Site Reliability Engineer
Precisely is the leader in data integrity. We empower businesses to make more confident decisions based on trusted data through a unique combination of software, data enrichment products and strategic services. What does this mean to you? For starters, it means joining a company focused on delivering outstanding innovation and support that helps customers increase revenue, lower costs and reduce risk. In fact, Precisely powers better decisions for more than 12,000 global organizations, including 99 of the Fortune 100. Precisely's 2500 employees are unified by four company core values that are central to who we are and how we operate: Openness, Determination, Individuality, and Collaboration. We are committed to career development for our employees and offer opportunities for growth, learning and building community. With a "work from anywhere" culture, we celebrate diversity in a distributed environment with a presence in 30 countries as well as 20 offices in over 5 continents. Learn more about why it's an exciting time to join Precisely!
This role is open only for candidates willing to work in hybrid mode from Goa office.
Intro and job overview:
We are looking for a Site Reliability Engineer who will interface with senior management, Platform Engineering, QA and the Precisely development teams to continuously improve the stability, reliability and efficiency of our global SaaS platform. This individual will work with the team to architect and deploy the tools and systems that will make our production environment more resilient, in order to effectively respond to and address incidents.
Responsibilities and Duties:
- Partner closely with SaaS Development, Pipeline Engineering, and Platform Engineering teams to ensure that SRE is an integral part of Precisely’s Continuous Delivery model for SaaS applications.
- Design and build necessary tooling and automation to ensure that we are able to manage our cloud native infrastructure in a reliable, maintainable , observable and secure way
- Build a true 1-team culture despite globally disparate teams.

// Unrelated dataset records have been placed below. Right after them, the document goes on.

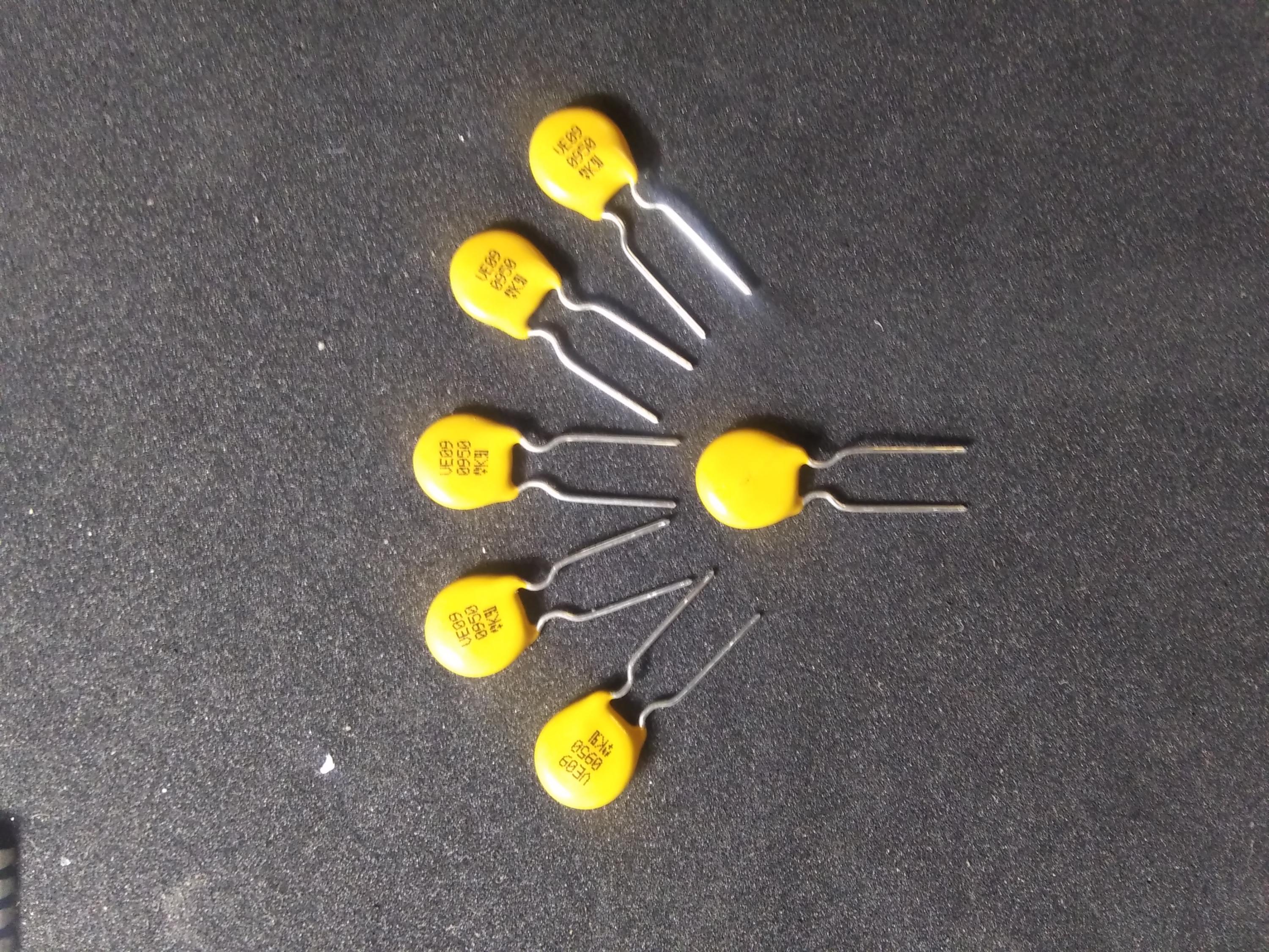 The yellow discs may be Metal Oxide Varistors (MOVs). The markings are unlike what would be typical for ceramic capacitors.
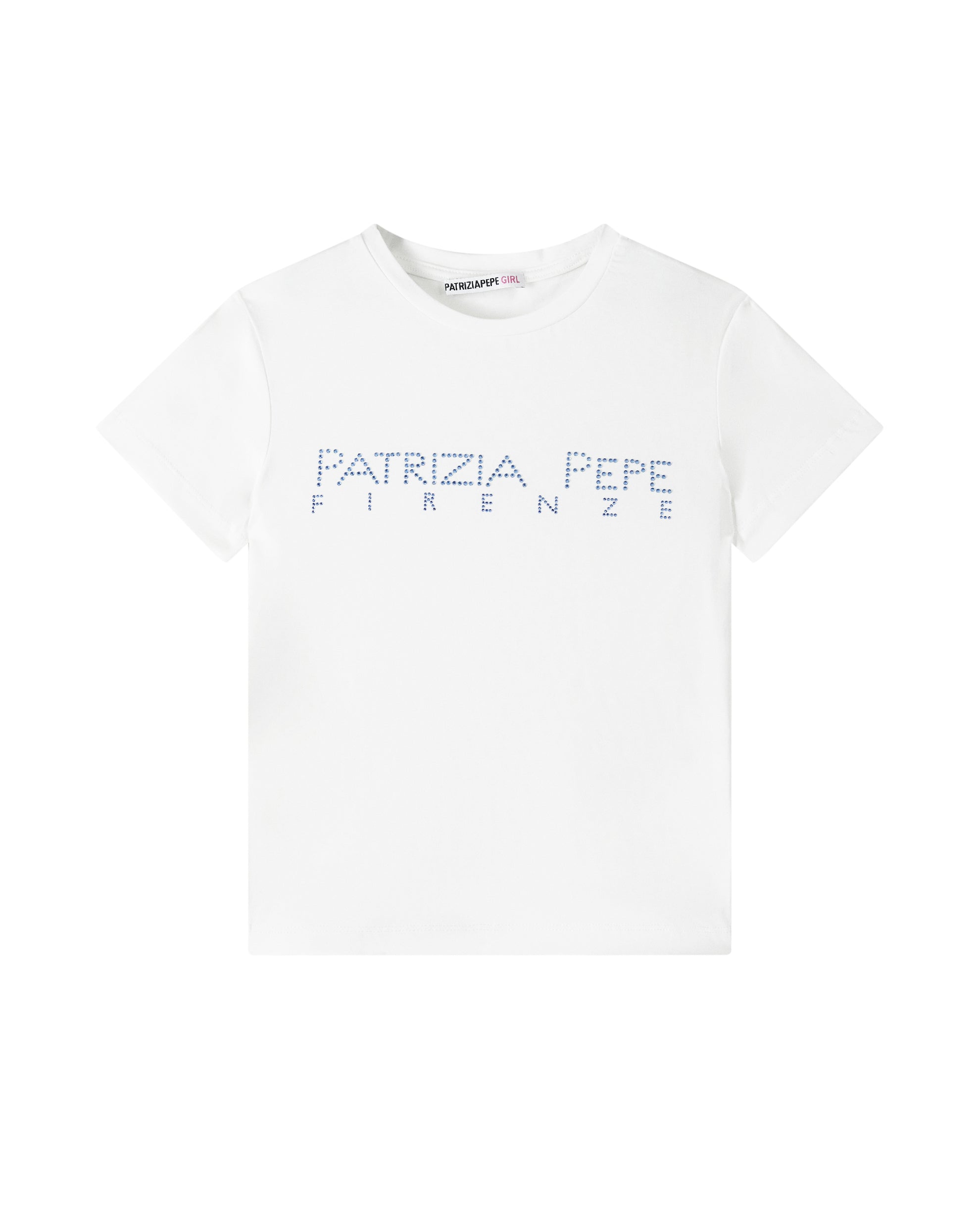Patrizia Pepe Kids T-Shirt Bianca con Strass Azzurro per Bambine - Florence Kids
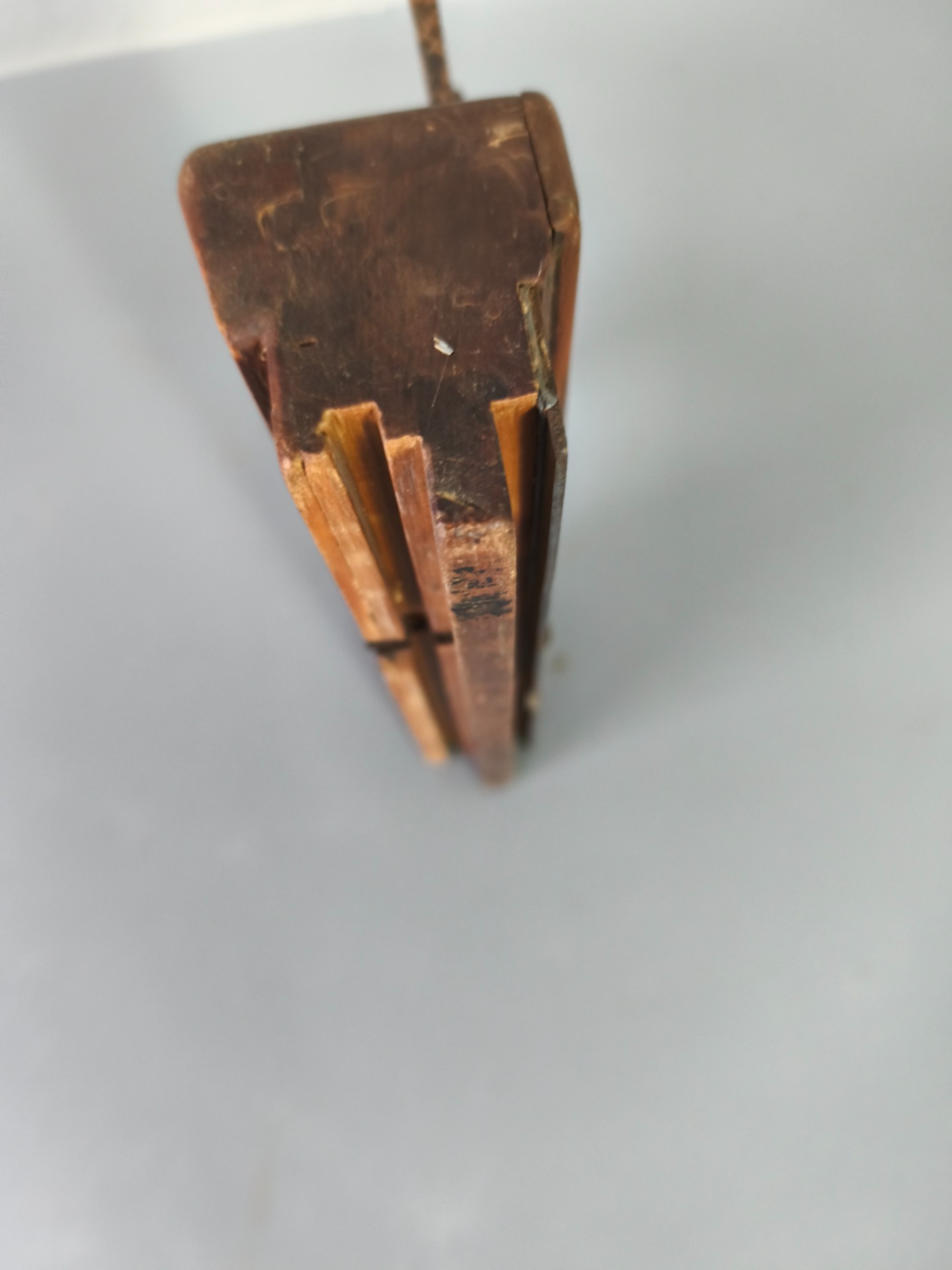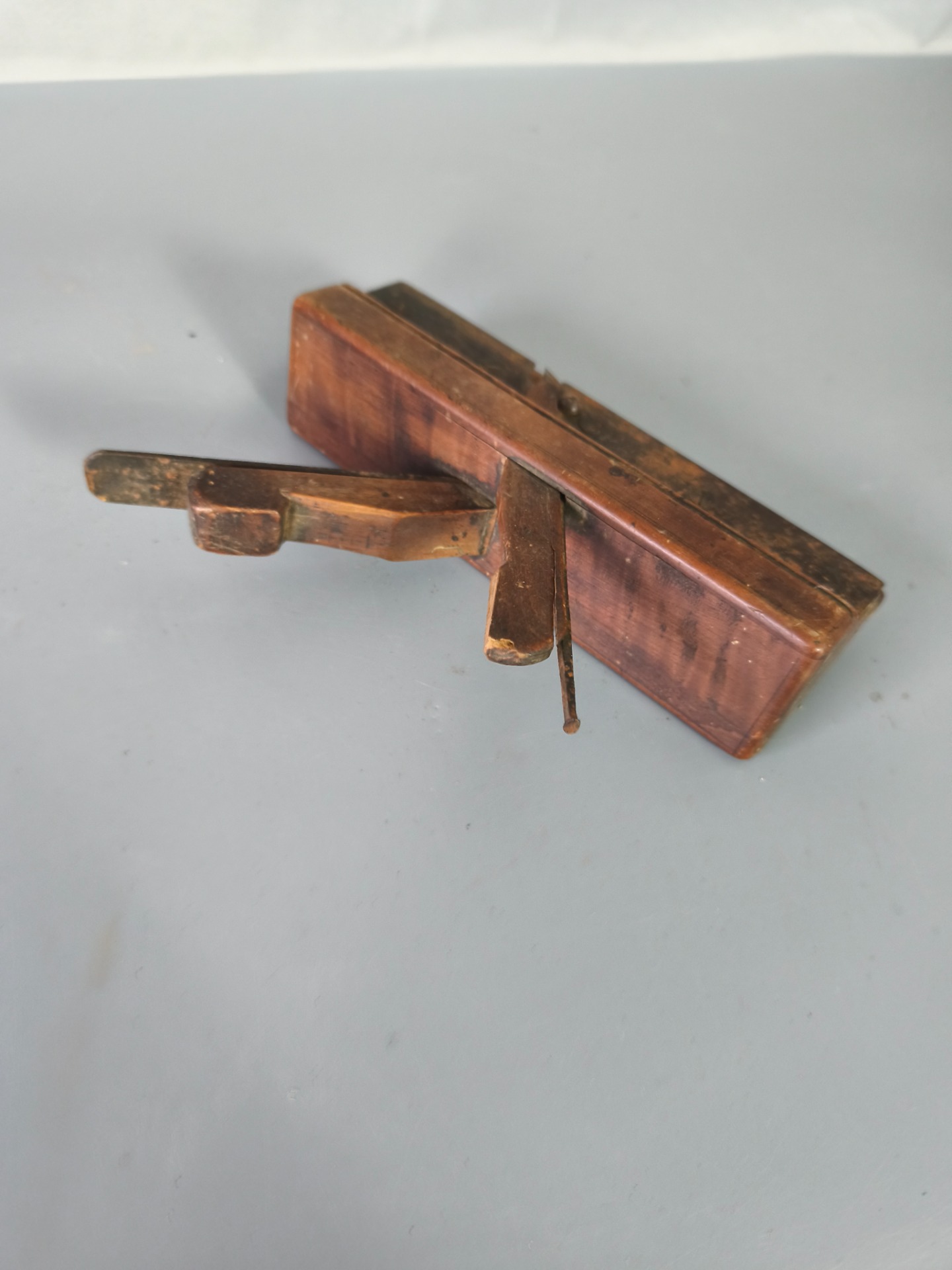 Tenhle kus jsem vzal do ruky někde mezi dřevem, prachem a tichem staré dílny. Není to naleštěná dekorace, ale poctivý truhlářský hoblík, který celý život dělal přesně to, co měl – vedl ruku a bral materiál po vrstvách, bez spěchu. Dřevo je tmavé od let používání, hrany jsou oblé tam, kde se dotýkala dlaň, a kovové části nesou stopy práce, ne zanedbání.
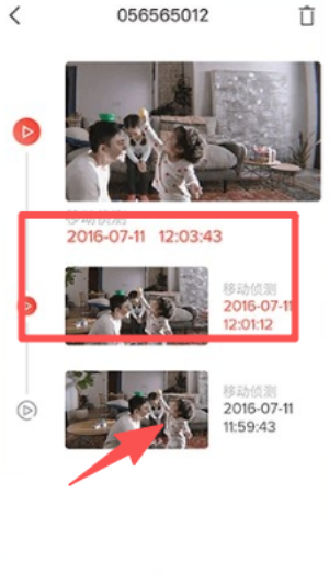 3、如果需要查看回放录像,可以进入历史记录界面,通过日期筛选想要的录像片段,点击云存储中的文件或直接插入内存卡播放所需的关键片段。
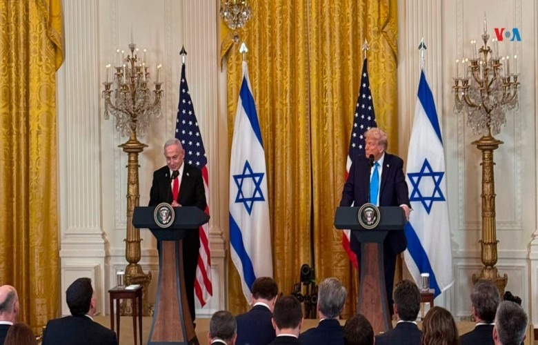 Presidenti Trump njoftoi planin e tij, pa dhënë hollësi specifike, gjatë një konference të përbashkët për shtypin me kryeministrin izraelit Benjamin Netanyahu.

- Establish a 24x7 incidence response process that addresses Precisely’s SLA for SaaS Products through efficient alerting, playbook documentation and blameless postmortems.
- Build relationships across product management, development, and support organizations to socialize the culture of SRE.
- Drive the culture of observability through the SaaS development organization.
- Leads prioritization of reliability features and contributes to the design, development and delivery of effective tooling, alerts, and automated responses to identify and address reliability risks.
- Ensure appropriate security cloud tooling is planned for and implemented in the production environment.
- Regularly defend the quality, scalability and reliability of Precisely’s production SaaS environment.
Requirements and Qualifications:
- Atleast 2 years of experience in a global multi-tenanted production environment.
- Hands on skills on Kubernetes, AWS/GCP/Azure, Terraform/Cloudformation/Ansible.
- Strong knowledge on Linux fundamentals, experience troubleshooting production issues.
- Experience working in a 24x7 production environment.
- Strong understanding of SRE and general SaaS service management principles.
- Past experience working with SRE teams and handling on-call coordination challenges.
- Strong collaboration, communication and interpersonal skills.
- The ability to operate calmly in challenging and stressful situations.
- A deep understanding of Kubernetes and Cloud Networking or previous experience in infrastructure.
- Exposure to any programming language (Go/Python/C,C++) is a big plus.